Ascent Student Loans Review 2022 – Forbes Advisor

Ascent offers multiple student loan options for undergraduate students. You can choose a loan type based on your existing credit history, income and career prospects.

Co-signed Loans

If you have a friend or family member with stable income and good credit that is willing to co-sign your loan application, the co-signed loan option may be a good option because it has lower rates than the other loan types.

  • Loan amounts: $2,001 to $200,000 (aggregate)
  • Loan terms: Repay your loan over five, seven, 10, 12 or 15 years
  • APRs: You can qualify for fixed rates from 4.36% to 12.33% or variable rates from 1.47% to 9.05% (including 0.25% autopay discount).
  • Repayment options: Ascent allows borrowers to choose between three repayment options.
    • Interest-only. Only make payments toward accrued interest while you’re in school. After graduation, you’ll make full payments when your nine-month grace period ends.
    • Deferred payments. Pay nothing until your grace period ends, nine months after graduation or leaving school.
    • $25 payments. Make $25 monthly payments while you’re still in college. After you leave school, you’ll start making full payments when your nine-month grace period ends.
  • Noteworthy perks and features: Ascent has several standout features to consider.
    • Interest rate discounts. Ascent offers a 0.25% discount for borrowers that enroll in automatic payments.
    • Graduation reward. If you graduate within five years of your first loan disbursement date, you may be eligible for Ascent’s 1% cash back graduation reward. You could get 1% of your original principal balance back via direct deposit or check. If your loan was for $10,000, for example, Ascent would send you a check for $100.
    • Longer grace period. Enjoy a grace period of nine months after graduating or leaving school. That’s three months longer than most private lenders offer.

Credit-based Student Loan

If you have a reliable income and strong credit history, you may qualify for a loan without a co-signer. Ascent’s credit-based loans are available for undergraduate and graduate students.

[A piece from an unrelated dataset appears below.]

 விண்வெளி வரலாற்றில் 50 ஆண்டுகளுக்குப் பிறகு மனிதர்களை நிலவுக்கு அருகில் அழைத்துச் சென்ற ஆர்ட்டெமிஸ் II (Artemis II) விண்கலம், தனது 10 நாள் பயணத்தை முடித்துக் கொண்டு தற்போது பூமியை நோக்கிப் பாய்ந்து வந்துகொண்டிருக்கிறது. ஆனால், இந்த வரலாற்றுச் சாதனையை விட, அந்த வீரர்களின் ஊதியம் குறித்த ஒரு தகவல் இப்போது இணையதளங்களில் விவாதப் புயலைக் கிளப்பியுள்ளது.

  • Loan amounts: $2,001 to $200,000 (aggregate)
  • Loan terms: Repay your loan over five, seven, 10, 12 or 15 years
  • APRs: You can qualify for fixed rates from 6.96% to 14.08% or variable rates from 4.05% to 10.80% (including 0.25% autopay discount).
  • Repayment options: Non-co-signed loans are eligible for three different repayment plans.
    • Interest-only. Only make payments toward accrued interest while you’re in school. After graduation, you’ll make full payments when your nine-month grace period ends.
    • Deferred payments. Pay nothing until your grace period ends, nine months after graduation or leaving school.
    • $25 payments. Make $25 monthly payments while you’re still in college. After you leave school, you’ll start making full payments when your nine-month grace period ends.
  • Noteworthy perks and features:
    • Interest rate discounts. Borrowers can take advantage of a 0.25% automatic payment discount.
    • Graduation reward. Ascent non-co-signed loan borrowers are eligible for the 1% cash back reward upon graduation.
    • Longer grace period. Enjoy a grace period of nine months after graduating or leaving school. That’s three months longer than most private lenders offer.

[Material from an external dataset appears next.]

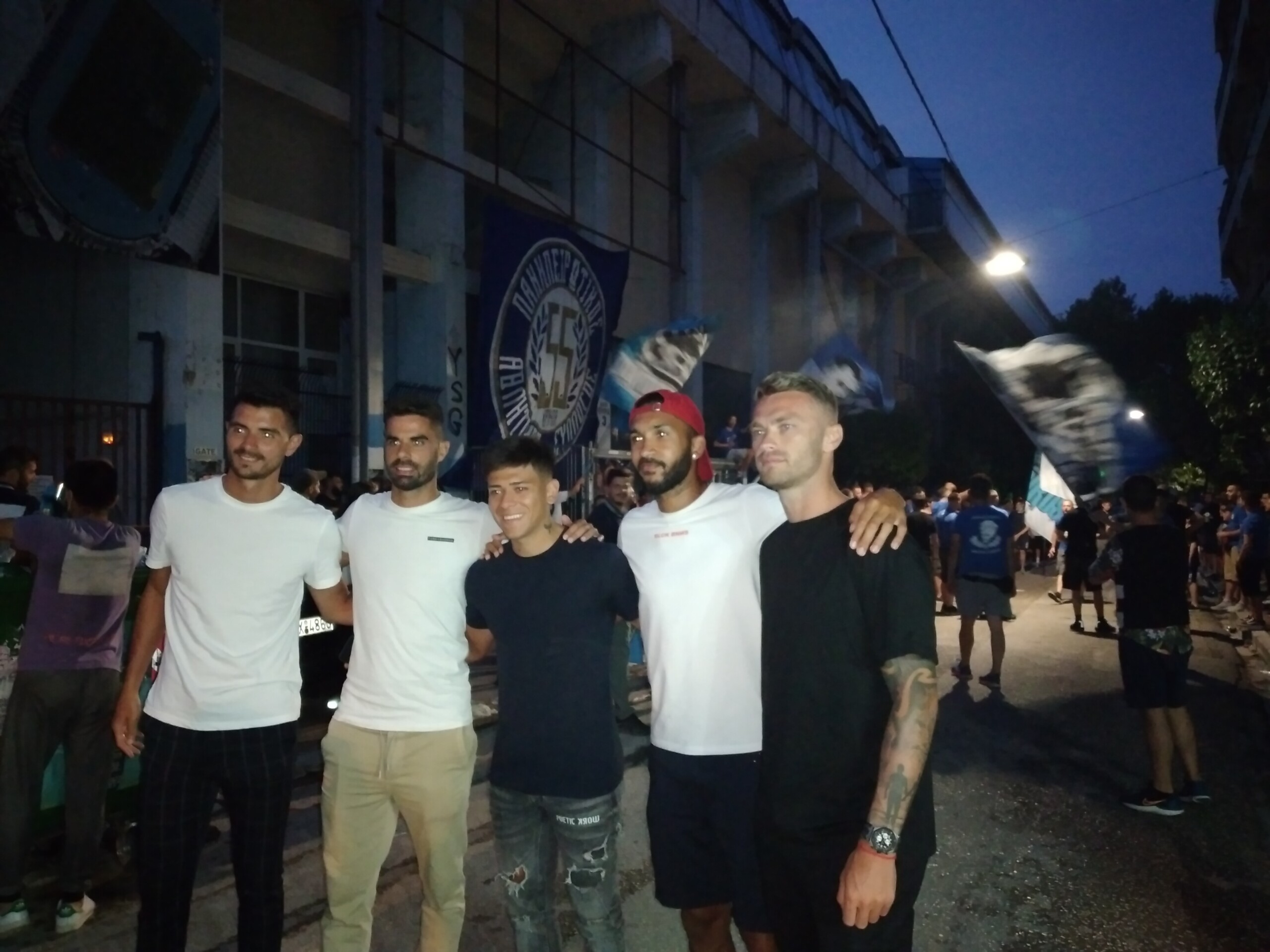 Λίγο μετά τις 21.30 έκαναν την εμφάνιση τους ο πρόεδρος του ΠΑΣ Γ. Χριστοβασίλης, ο προπονητής Ηρ. Μεταξάς και οι παίκτες Σιόντης, Οικονομόπουλος, Παντελάκης, Πίρσμαν, Μιλιντσεάνου, Μπρένερ, Ντομίνγκεθ και Εραμούσπε.

Outcomes-based Student Loan

For borrowers that don’t have established credit or a co-signer, the outcomes-based loan could be a useful solution. With this option, Ascent looks at a range of factors to determine your eligibility for a loan, including your school, degree program, projected graduation date, GPA and the cost of attendance.

The outcomes-based loan is only available to full-time college juniors, seniors and graduate students; first- and second-year undergraduates aren’t eligible. International students are inligible for this loan, as well; Only US citizens, permanent residents and Deferred Action for Childhood Arrival (DACA) students can take advantage of the outcomes-based loan program.

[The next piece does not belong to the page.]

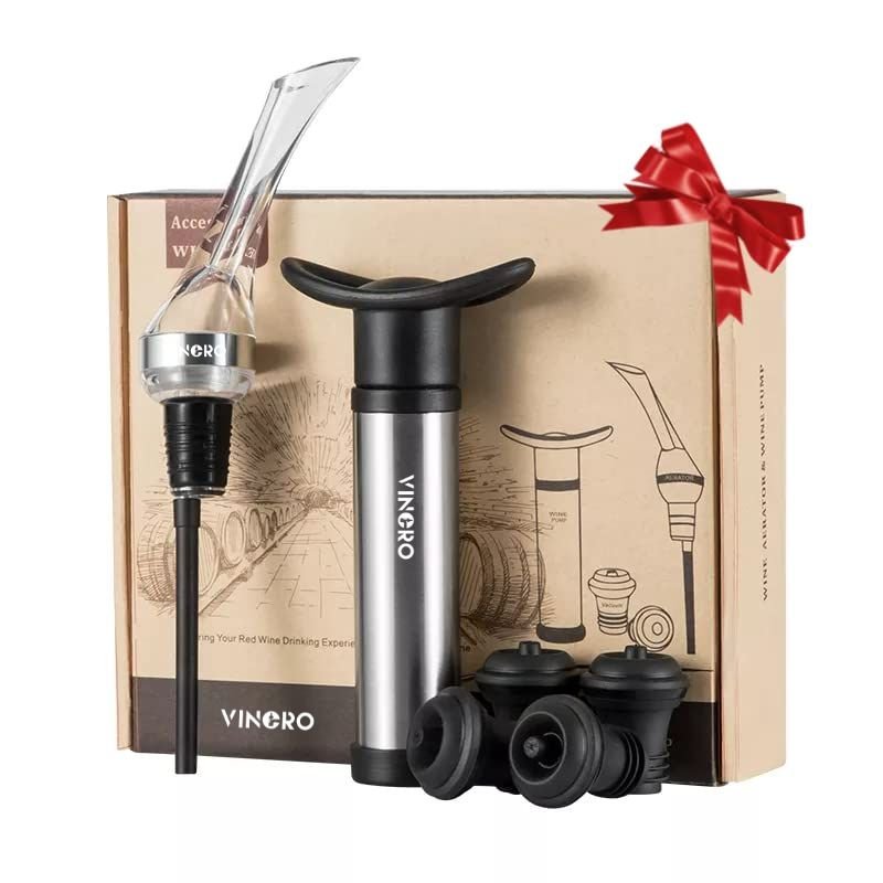 Vacuum Pump, Aerator, and 4 Hermetic Stoppers: Indulge yourself or surprise a wine-loving friend with our exquisite gift set. This thoughtful collection includes a convenient vacuum pump for preserving the freshness of unfinished bottles, a high-quality wine aerator for enhanced flavors, and four hermetic stoppers to seal the aroma and taste securely.

This loan type has higher interest rates than other loan options, and there are stricter limits on how much you can borrow.

  • Loan amounts: $2,001 to $20,000 per academic year ($200,000 aggregate)
  • Loan terms: Seven, 10, 12 or 15 years. Fixed-rate loans are only eligible for 10 or 15 year terms.
  • APRs: You can qualify for fixed rates from 11.47% to 12.46% or variable rates from 8.90% to 11.31% (including 1% autopay discount).
  • Repayment options: The outcomes-based loan enrolls borrowers in a deferred repayment plan. You’ll pay nothing until you graduate or leave school, at which point full payments begin after a nine-month grace period.
  • Noteworthy perks and features: The outcomes-based loans are eligible for the following perks:
    • Interest rate discounts. Outcomes-based loan borrowers can qualify for a 1% automatic payment discount—that’s four times greater than the standard autopay discount.
    • Graduation reward. Borrowers are eligible for the 1% cash back reward after graduating.
    • Longer grace period. Enjoy a grace period of nine months after graduating or leaving school. That’s three months longer than most private lenders offer.